The FBI must scramble to keep up with increasingly sophisticated terrorists and improve its ability to gather intelligence on global national-security threats, according to an outside review released Wednesday.
The report said the FBI has made significant strides since the Sept. 11 terror attacks, including in sharing information with other law enforcement agencies. But it said there’s still room for improvement, especially at a time of emerging new threats such as the Islamic State and foreign fighters in Syria.
“The threats are not just knocking on the door. They’re in the room,” said former Rep. Timothy Roemer, a member of the 9/11 Commission who helped prepare the 127-page analysis.
The report was ordered by Congress to assess the FBI’s performance on national security matters, and its authors said they hoped it would be a blueprint for improvement. It was also intended to gauge how well the 9/11 Commission’s recommendations in a 2004 report are being carried out.
It was released as FBI Director James Comey heads to Capitol Hill to defend an $8.48 billion budget request that seeks extra funding for cyber investigations, among other changes.
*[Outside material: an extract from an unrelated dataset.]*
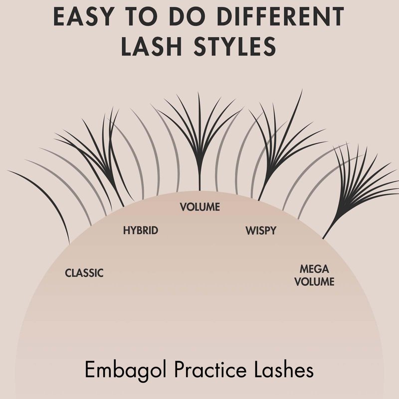 - Practice Different Lash Styles: Embagol Practice Lashes are all very close to real eyelashes and suitable for all types of lash extensions, including volume, classic, ellipse flat, or rapid volume lashes. You can practice various styles and enhance your professionalism in the hearts of customers.

Though largely positive about the FBI’s progress, the report identified several weakness, including a need for better intelligence analysis and collection, and to regard its staff of intelligence analysts as part of the “professionalized workforce.” It also said frequent leadership changes slow down the pace of improvement, and that the FBI needs better coordination with the private sector and other agencies to deal with cyber threats.
Comey said he supports most of the conclusions, though he said he disagreed with the recommendation that the FBI should not have a role in a new White House initiative to counter the radicalization of Americans through community outreach.
“I think there is an important role for the FBI to play,” Comey said, although he added that role wouldn’t touch on matters of religion.
The report looked at five terror plots and attacks in the last few years, including the 2009 Fort Hood shooting and the 2013 Boston Marathon bombing. In some cases, it found information that may have been useful — such as a 2012 outburst at a religious center by Boston Marathon bomber Tamerlan Tsarnaev — never made it to the FBI.